Quelle est la fibrose pulmonaire et la façon de traiter la fibrose pulmonaire

La fibrose pulmonaire est une maladie caractérisée par l'apparition d'une fibrose, à savoir, la cicatrisation du tissu pulmonaire, les obligeant à devenir plus rigide, ce qui rend la capacité de respiration difficile et provoquant des symptômes tels que l'essoufflement et la toux sèche, par exemple.

Dans de nombreux cas ne sont pas la cause de la maladie, classée comme la fibrose pulmonaire idiopathique, mais certains facteurs qui augmentent les chances de développer la maladie sont l'exposition aux poussières professionnelles telles que la silice et l'amiante, le tabagisme, la pollution, les maladies auto-immunes ou les effets secondaires de certains médicaments, tels que l'amiodarone ou la nitrofurantoïne, par exemple. Fibr La fibrose pulmonaire ne guérit pas car ces lésions pulmonaires ne peuvent pas être réparées. Cependant, la maladie peut être contrôlée par un traitement impliquant la physiothérapie et l'utilisation des médicaments prescrits par les pneumologues comme immunosuppresseur, ou pirfenidone Nintedanibe. Voyez comment ce médicament fonctionne et comment l'utiliser en cliquant ici.

Principaux symptômes

À un stade précoce, la fibrose pulmonaire peut ne pas causer de symptômes. À mesure que la maladie progresse, des signes et des symptômes tels que:

Essoufflement;

toux sèche ou faible sécrétion; Excès de fatigue excessive;

Manque d'appétit et perte de poids sans cause apparente;

Muscle et douleurs articulaires; Azuis Doigts bleus ou violets;

Déformation dans les doigts caractéristiques du manque d'oxygénation de l'organisme, appelée "doigts dans le pilon".

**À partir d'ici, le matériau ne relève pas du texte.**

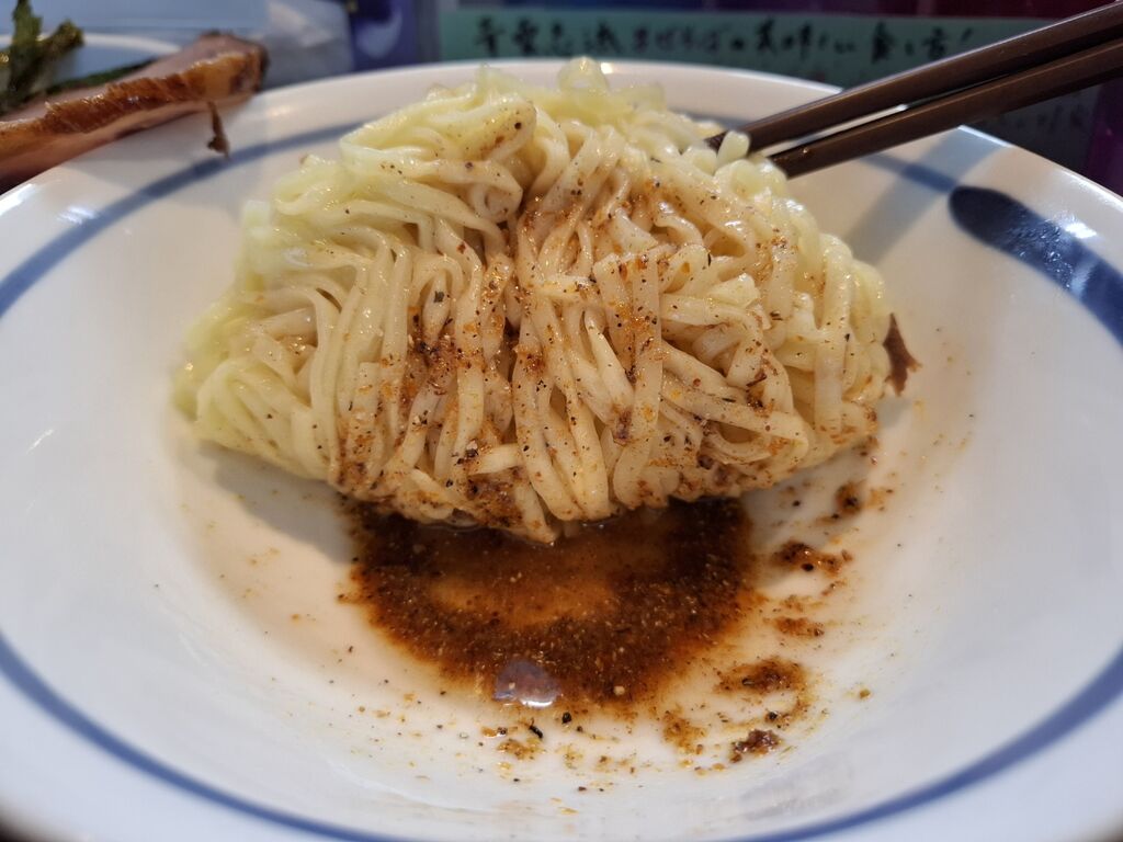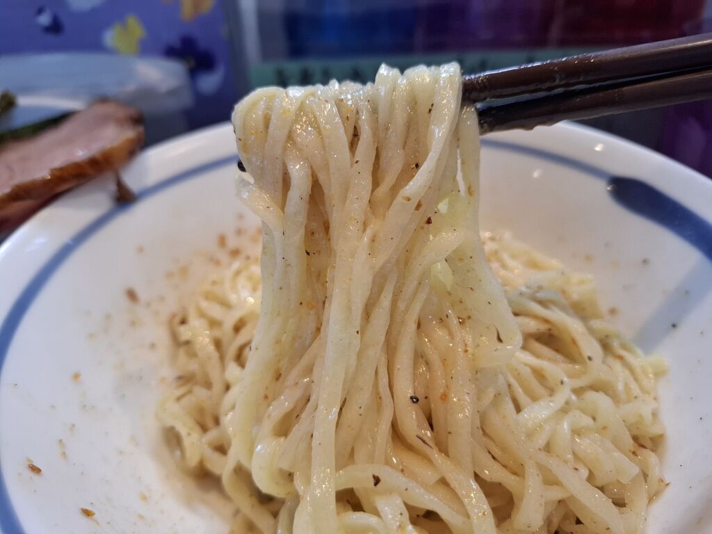 グリグリと天地ひっくり返し混ぜ混ぜ🌀して魚粉が全体にいき届いたら、麺リフトしてズルズルっとすすります。

La gravité et la rapidité de l'apparition des symptômes peuvent varier d'une personne à l'autre, en particulier selon la cause, et se développent habituellement au fil des mois ou des années.

Lorsque suspectée fibrose pulmonaire, médecin pulmonaire demandera examen comme le CT, qui évalue la présence de changements dans le tissu pulmonaire, spirométrie, mesure la capacité de ventilation pulmonaire et d'autres tests tels que les tests sanguins, qui partent d'autres maladies, comme la pneumonie. En cas de doute, une biopsie pulmonaire peut être réalisée.

Il est important de ne pas confondre avec la fibrose pulmonaire La fibrose kystique est une maladie héréditaire qui présente chez les enfants, où certaines glandes produisent des sécrétions anormales affectant principalement les voies respiratoires et digestives. Voyez comment identifier et traiter la fibrose kystique.

Comme traitement est

traitement de la fibrose pulmonaire doit être guidé par un poumon, et comprend généralement des médicaments ayant des propriétés telles que la pirfénidone antifibrotiques ou Nintedanibe, des corticostéroïdes, comme la prednisone, ainsi que des médicaments qui réduisent la réponse du système immunitaire, tels que la ciclosporine ou le méthotrexate, peut soulager certains symptômes ou ralentir la progression de la maladie ...

thérapie physique est essentielle pour effectuer la réadaptation pulmonaire, où les exercices planifiés sont effectués afin d'améliorer la capacité respiratoire du patient, qui est resté à plus actif et avec moins de symptômes.

Ils travaillent dans des environnements avec de nombreuses toxines, telles que la silice ou la poussière d'amiante, par exemple; (I.e.Ils font de la radiothérapie ou de la chimiothérapie contre le cancer, comme le cancer du poumon ou du sein;

Ils utilisent certains médicaments pouvant provoquer cet effet, tels que le chlorhydrate d'amiodarone ou le propranolol, ou des antibiotiques tels que la sulfasalazine ou la nitrofurantoïne, par exemple;

Avoir des maladies pulmonaires, telles que la tuberculose ou la pneumonie;

Ils ont des maladies auto-immunes, telles que le lupus, la polyarthrite rhumatoïde ou la sclérodermie.

De plus, la fibrose pulmonaire idiopathique peut être transmise des parents à la progéniture, et un conseil génétique est recommandé s'il y a beaucoup de cas de la maladie dans la famille.